Read Some Like It Lethal Online
Authors: Nancy Martin
Tags: #Mystery, #Women Detectives, #Detective and Mystery Stories, #Mystery & Detective, #Philadelphia (Pa.), #Blackmail, #Blackbird Sisters (Fictitious Characters), #Fiction, #Millionaires, #Fox Hunting, #Mystery Fiction, #Women Sleuths, #Sisters, #Women Journalists, #General, #Socialites, #Extortion
Reed had been driving me around for nearly six months, and so far we seemed suited for each other. I wished I could drive myself, but I was still struggling with an annoying tendency to faint at critical moments. I couldn't be trusted behind the wheel, so Reed had a part-time job between taking classes at a community college.
In about half an hour, the sun began to lighten the horizon and we reached the Tri-County Horse Club.
I thanked Reed and left him to study his textbooks in the car. With Spike tucked securely into my handbag, I threaded my way through the expensive cars that had brought their owners out from the Main Line to the bucolic countryside.
I rounded a boxwood hedge and came upon Hadley Pinkham.
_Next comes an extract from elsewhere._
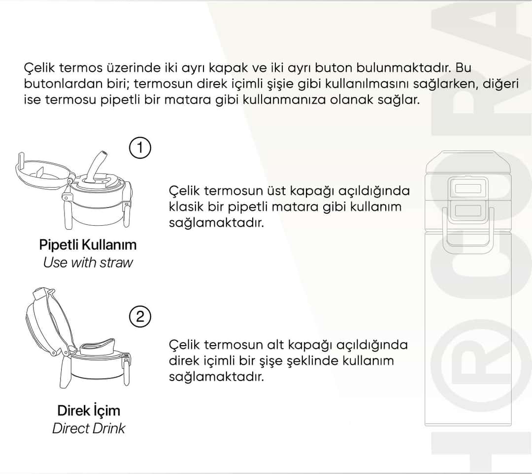 Coral High Kids Lavanta Pembe Flamingo Desenli Pipetli ve Direkt İçim Çelik Termos 500 ml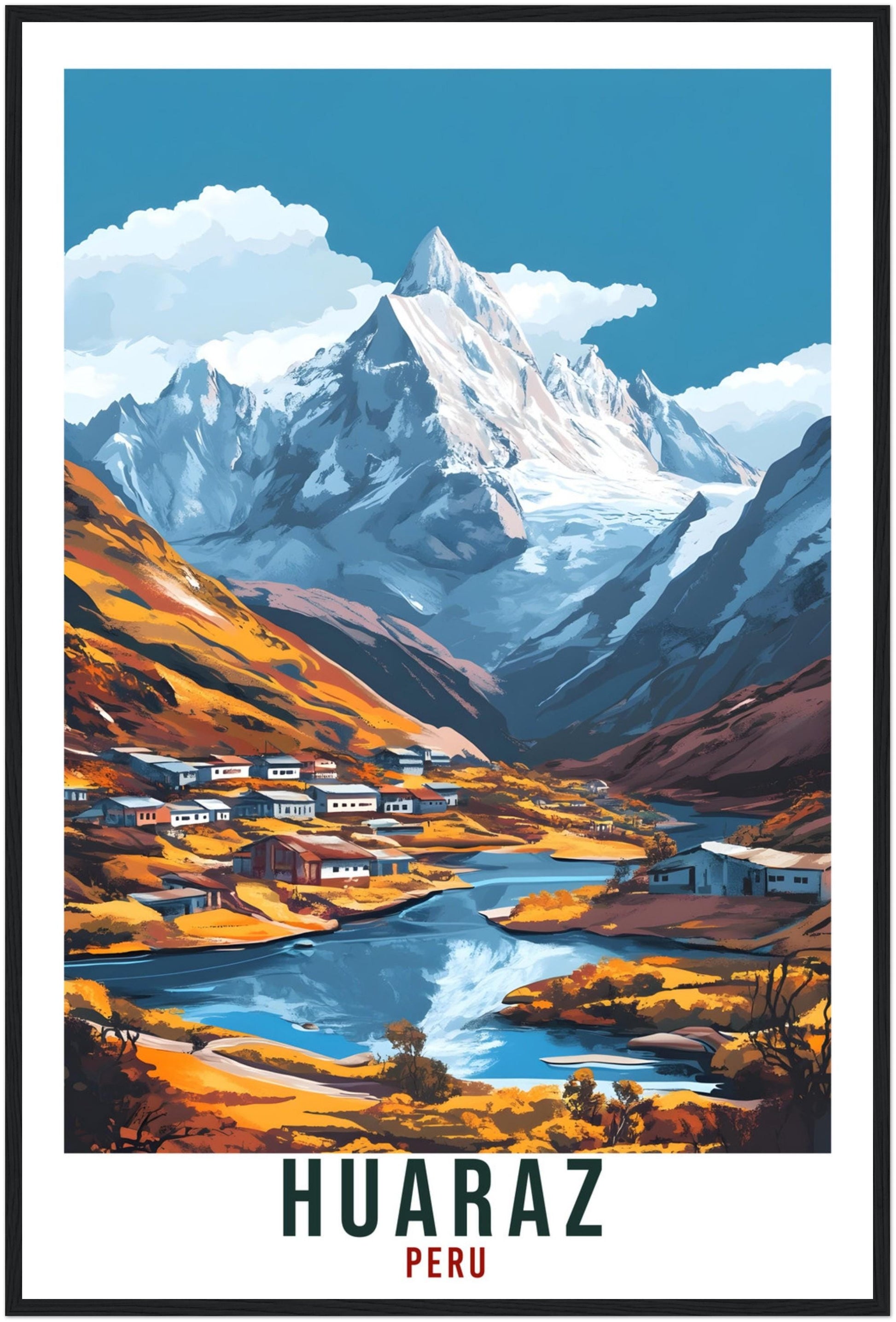 Transport yourself back to Huaraz, Peru. Whether you lived there, visited there or are from there, travel back with this Huaraz travel poster. Visit the sounds, smells, tastes, colors and culture every time you look at your new travel print. Each design is an imaginative recreation of the area to illicit memories of travelling there.

He was leaning photogenically on the nearest fence, with the faded autumn hues behind him making the most of his tanned coloring in the early morning light. He wore a rumpled tuxedo that advertised the fact that he hadn't been home yet after a night carousing on the town. He had removed his tie, however, and wrapped his fringed silk scarf rakishly around his neck to keep off the morning chill. His absurdly handsome
face was sharply cut with a long, narrow nose, a flexibly cynical mouth and a dash of fair hair that spilled with false boyishness over what he euphemistically called a high forehead. He carried a glass of something amber in his right hand and a slender cigar in the fingertips of the other. With his sleeve pulled back just so, he showed off a wristwatch that cost more than some oceangoing yachts.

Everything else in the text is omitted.